E então eu fiz um relato breve dos highlights da minha timeline. Alguns estavam no facebook, outros nunca estarão. Confesso que deixei escapar várias coisas que eu jamais diria a alguém que conhecia há tão pouco tempo, porém eu estava de certa forma à vontade e tudo saiu leve e displiscente.
- As coisas que você me contou não são de uma vida normal, mas ainda assim acho que você não me contou tudo...
Concordei sorrindo.
- Tem coisa que eu procuro nem contar pra mim mesmo...
- To adorando ficar aqui contigo. Você é um menino diferente...
- É, eu sei. Agora se isso é bom ou ruim, é outra história.
- Isso é bom. Gente, não sei o que tá acontecendo aqui... me beija!
- Não. Eu sei bem o que tá acontecendo. O Vítor tá em Londres com os pais e tu acha que ele tá te traindo com alguém, ou com vários alguéns, porque ele já fez isso antes, tu bem sabe. Aí tu tá me usando pra fazer vingança de uma coisa que tu nem sabe se aconteceu...
- Eu não tô te usando.
- Não tem problema... todo mundo usa todo mundo. As relações entre as pessoas são assim. Cada um usa o outro praquilo que interessa. Tu tá querendo me usar pra fazer vingança no namo, e eu to te usando como amiga, pra ter uma conversa assim.
Eu tinha o braço direito recostado no joelho da perna direita que estava dobrada, enquanto a esquerda deitava-se por completo em direção à parede oposta. Agora eu deixava os olhos seguirem o movimento do meu polegar que acariciava as unhas dos outros dedos num movimento distraído.
- Se eu tivesse procurando só isso eu podia ter feito com qualquer um...
- Ah sim, mas eu era o único homem ali. Loirinho e de olho azul, ainda por cima.
Sorri.

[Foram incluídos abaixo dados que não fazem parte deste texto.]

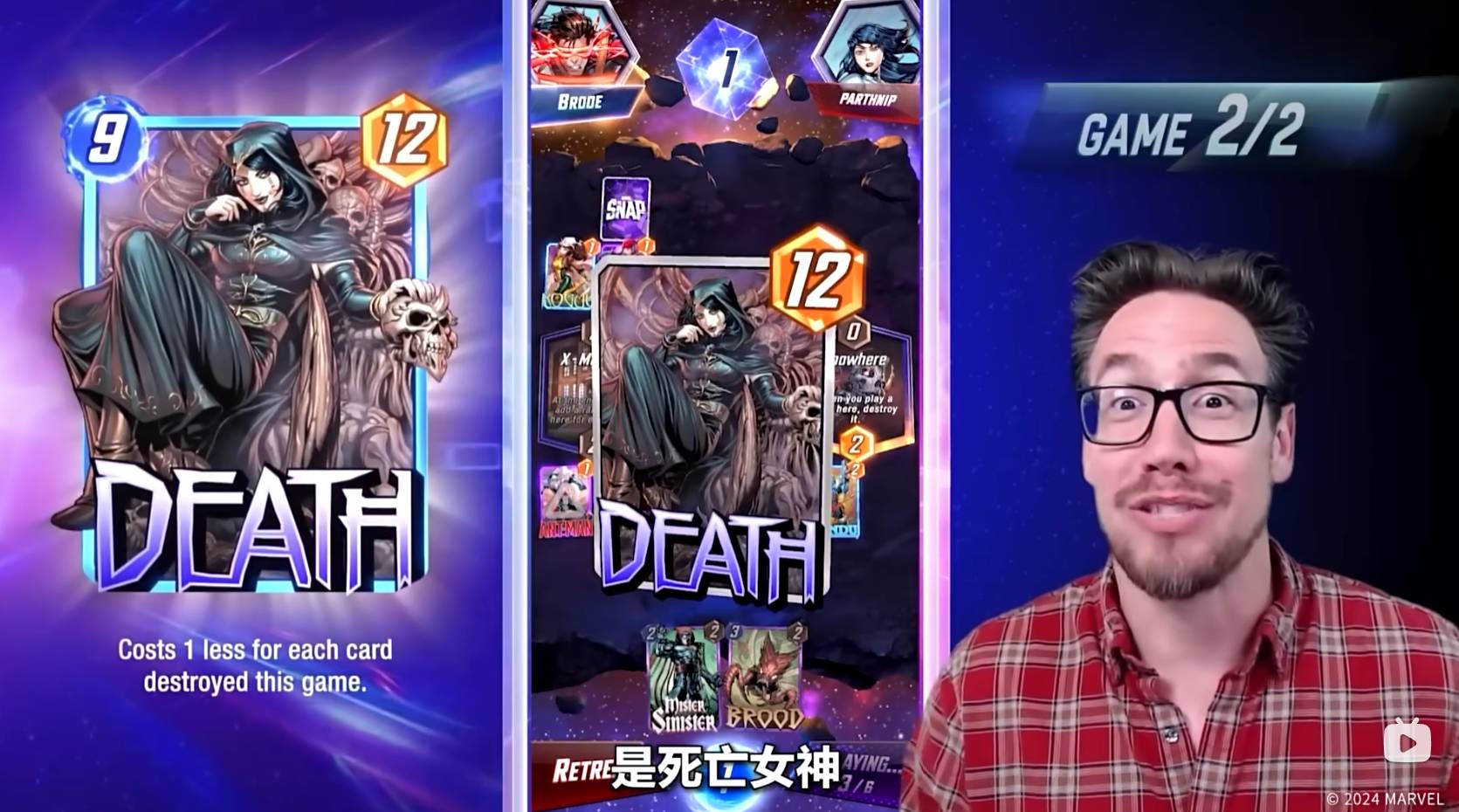 BB选择了SNAP!因为他对自己的纳摩在中间的深红宇宙取得胜利非常有信心!对于他来说,虚无之地的区域应该是可以拿下的,那么只要纳摩在中间区域中赢过对方,那么他就可以获得胜利。

E ela também teve de sorrir.
- Não é, eu gosto mesmo de você, gosto do jeito que você conversa, falando devagar, sem pressa e com calma.
- É mesmo? Tem gente que acha que eu sou esnobe por falar assim.

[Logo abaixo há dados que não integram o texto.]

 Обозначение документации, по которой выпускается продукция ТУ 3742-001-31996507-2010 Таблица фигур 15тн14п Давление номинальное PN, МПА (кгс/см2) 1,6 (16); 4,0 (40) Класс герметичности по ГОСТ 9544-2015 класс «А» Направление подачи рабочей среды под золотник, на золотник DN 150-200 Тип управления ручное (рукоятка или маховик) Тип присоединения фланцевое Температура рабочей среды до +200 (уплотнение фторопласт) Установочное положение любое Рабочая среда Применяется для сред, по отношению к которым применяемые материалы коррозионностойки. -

- Pode parecer pra quem não te conhece de verdade.
- Tu me conhece de verdade?
- Não tudo... mas eu sinto que você é uma pessoa boa.

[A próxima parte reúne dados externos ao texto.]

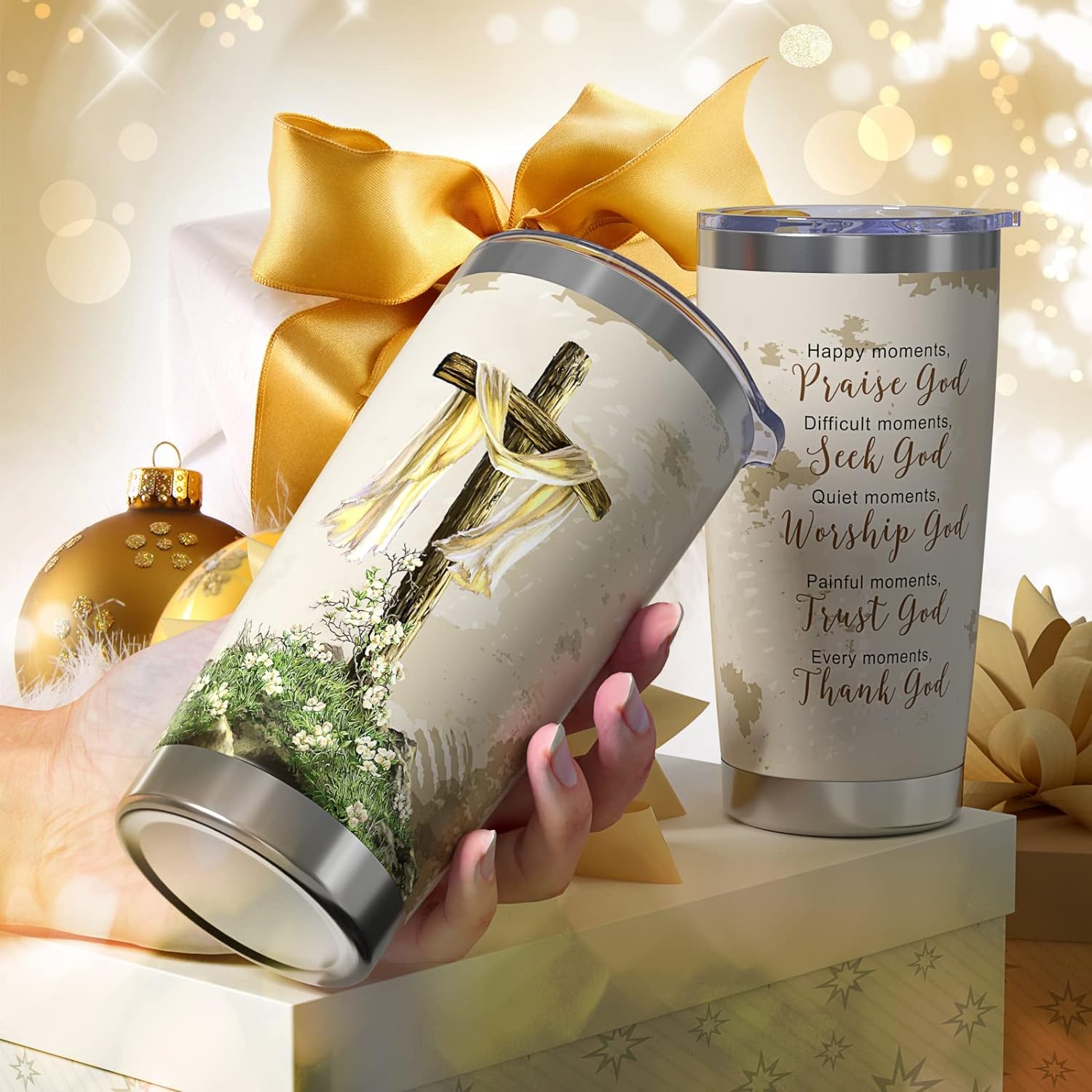 - UNIQUE CHRISTMAS GIFTS FOR WOMENThis tumbler with inspirational thoughts and prayers is the sweetest gift you can give to a loved one who is religious to remind them that they are never alone. The Happy Moments, Praise God tumbler can be given as a birthday or anniversary present, X-mas gifts, or even encouraging gifts for women going through a rough patch in life

- Eu tento ser, mas nem sempre a gente consegue, né...
- Não, mas você é.
Então meu celular tocou mais uma vez. Era Luiza novamente. Com um jeito de mãe, perguntou o que acontecia ali e eu disse que a paulista dormia e daqui a pouco eu a acordaria e desceríamos ao apartamento. Duvido que ela tenha comprado. Já fazia umas duas horas que estávamos lá.
- Certo que ela desconfia de algo.
- Não, ela é meio bobinha... - disse a Paulista.
Eu tive que concordar com uma risada.
- Eu nunca tive uma conversa assim com ninguém...
- Como assim?
- Conversar de coração aberto, assim como estamos fazendo.
- Sério? Tu não tem nenhuma amiga com quem você pode falar tudo, assim, sem medo de ser julgada e coisa e tal?
- Não.
- Tá, aqui em Dublin, não. Mas no Brasil?
- Não.
- Mesmo? Ninguém pra ouvir e ninguém pra te ouvir?
- Não.
Então eu fiquei surpreso. Quando você descasca uma pessoa, está sujeito a isso. Ela era uma guria das mais extrovertidas, como eu já disse, mas, aparentemente, agora eu descobria, só para trivialidades. Ela não tinha com quem se abrir, com quem desabafar as inquietudes mais profundas de seu ser. Aquilo sim devia ser terrível.
- Você tem alguém assim?
- Claro! Meus amigos, meus bruxos. Aqueles que te falei antes. Logo se vê que eu não tenho muitos amigos, mas os que tenho são mais do que eu poderia pedir. E isso é uma coisa que eu acho muito engraçada aqui em Dublin. O pessoal vem de tudo quanto é lado, aí conhece o pessoal da casa e de repente, menos de uma semana, já são os melhores amigos da vida. Não sei, eu não consigo achar isso normal... não pra mim, né, que sou diferente...
- Concordo com você...
Senti a melancolia que saiu naquelas palavras. E ainda mais nas que se seguiram.
- Eu quero muito te beijar.
E então eu amoleci e aproximei minha face da dela e a beijei delicadamente nos lábios carnudos.